In the FAS Study, participants were classified as responders and non-responders based on changes in plasma TG levels subsequent to an n-3 FA supplementation. This categorization approach, although providing a simplified interpretation of outcomes, presented several limitations warranting discussion. First, the binary classification into responders and non-responders may have overlooked the inherent variability within these groups. Quantitative phenotypes may have offered a more nuanced understanding, capturing the spectrum of individual responses to the supplementation. Second, by adopting a categorical approach, we acknowledge the potential oversimplification of complex physiological responses, potentially masking variations in treatment effects within these broad categories. However, we have previously shown that the classification of participants into responders and non-responders constituted a major strength of the FAS Study, allowing a growing reliability in the identification of actual responders by refining the predictive models (8–10, 57, 58). In terms of clinical relevance, we recently reported that a prognostic model with such a high predictive performance may be a suitable decision aid tool to identify individuals likely to benefit from n-3 FA supplementation in reducing plasma TG levels (57). Nevertheless, such a predictive tool would need to be validated first in a larger and heterogeneous cohort to be able to guide treatment choices, and should emphasize sensitivity (identifying actual responders) over specificity (accurately classifying non-responders) to maximize the number of patients benefiting from n-3 FA treatment. In any case, integrating quantitative phenotypes may yield a more comprehensive insight into the magnitude and patterns of response, facilitating a more precise interpretation of the supplementation efficacy and aiding in targeted interventions. Thus, future studies should explore the continuum of responses to provide a deeper understanding of individual variations in the context of n-3 FA supplementation and plasma TG modulation.
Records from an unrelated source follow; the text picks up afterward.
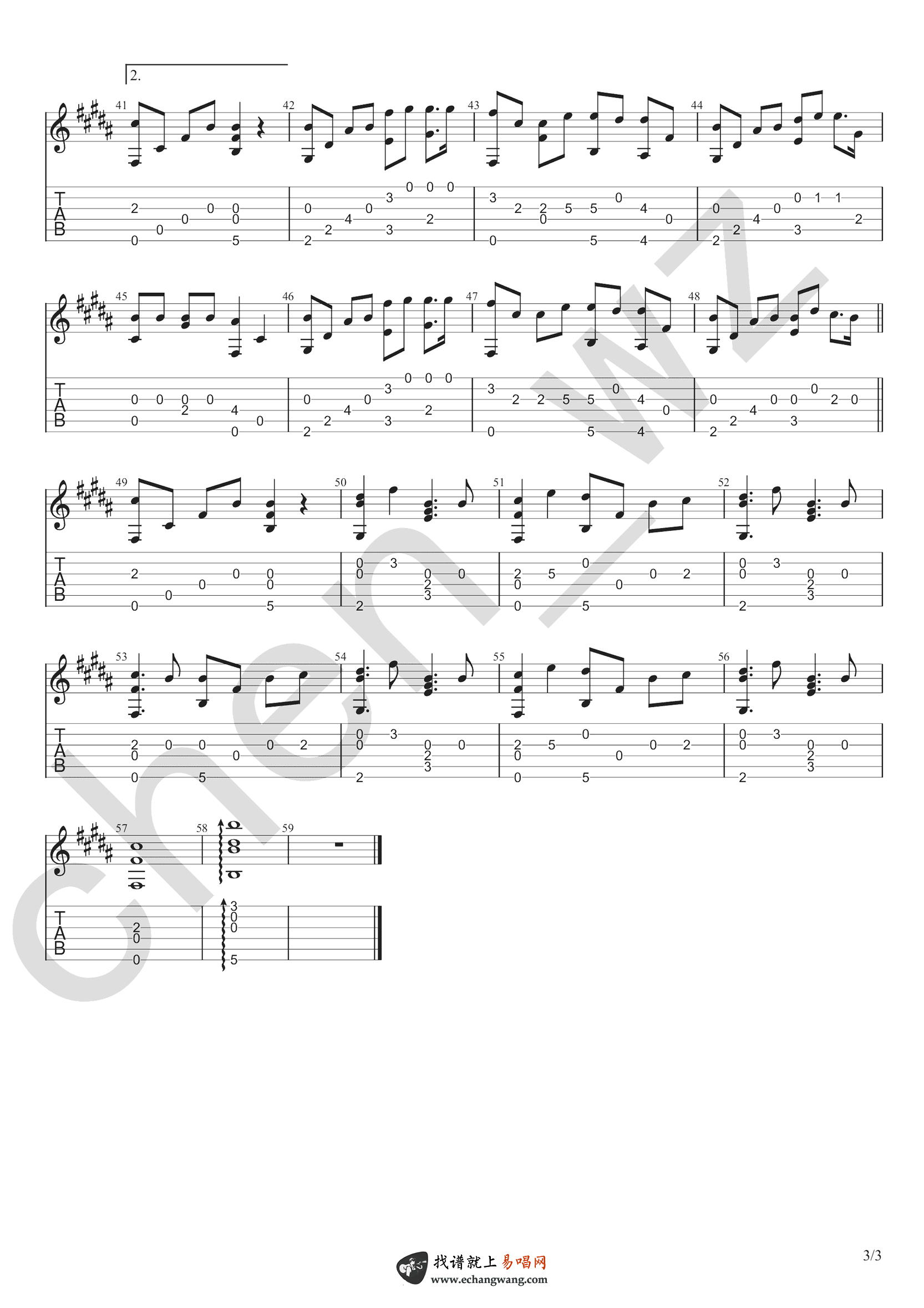- 梁祝指弹谱_梁山伯与祝英台_吉他独奏谱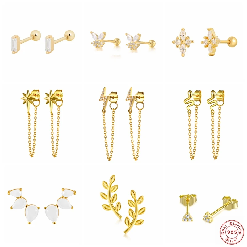 S925 браслеты бабочки из серебра высшей пробы бабочка Lightning под змеиную кожу Пирсинг Серьга pendientes плата 925 цепь кисточкой серьги-гвоздики CZ изысканные украшения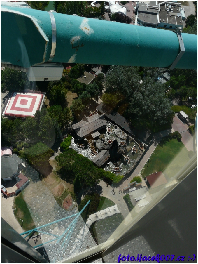 výhled na atrakce z ruského kola.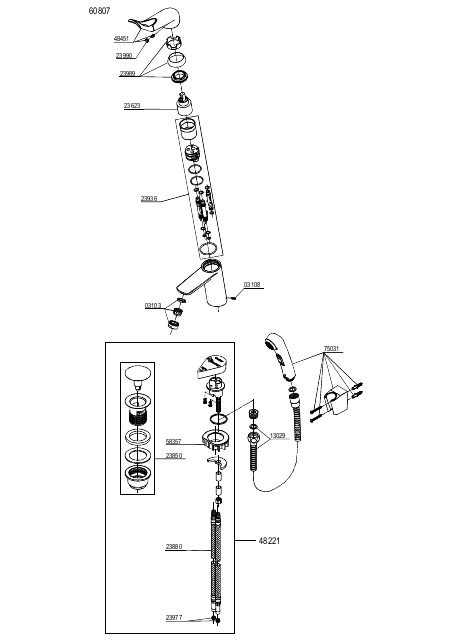 Waschtischarmatur mit separater Handbrause chrom/schwarz

Both the host phenotype and genotype, as well as other geographical and environmental factors, may influence the microbial composition in taxa type and abundance (59). More precisely, it was found that as much as 20% of the microbiota variability was associated with diet, medication and body composition (60). In any case, an in-depth study of the gut microbiota is limited by the absence of fecal samples. Thus, future studies are still needed to determine its role on the metabolic heterogeneity observed in response to food consumption, as well as the impact of diet on its composition, diversity and activity. Finally, the complex interaction between genetics, environment, lifestyle, and individual health characteristics also contribute to the heterogeneity in the response to a nutritional intervention. Exploring these factors through further research may help elucidate the unrevealed variability in the plasma TG response to an n-3 FA supplementation.

5 Conclusion

In conclusion, identifying the underlying factors of the interindividual variability observed in the metabolic response to n-3 FA will make it possible to develop precision tools to better prevent chronic societal diseases by modifying lifestyle habits, including diet. In this study, metabolomic changes resulted from n-3 FA supplementation showed a limited impact on the metabolic response derived from it, as well as on the predictive ability of this response. However, the integration of multi-omics data still represents a promising approach to cardiovascular disease prevention, and further efforts including more comprehensive data, for example intestinal metagenomics, may help to elucidate the yet unexplained inter-individual variability observed in the metabolic response to n-3 FA supplementation.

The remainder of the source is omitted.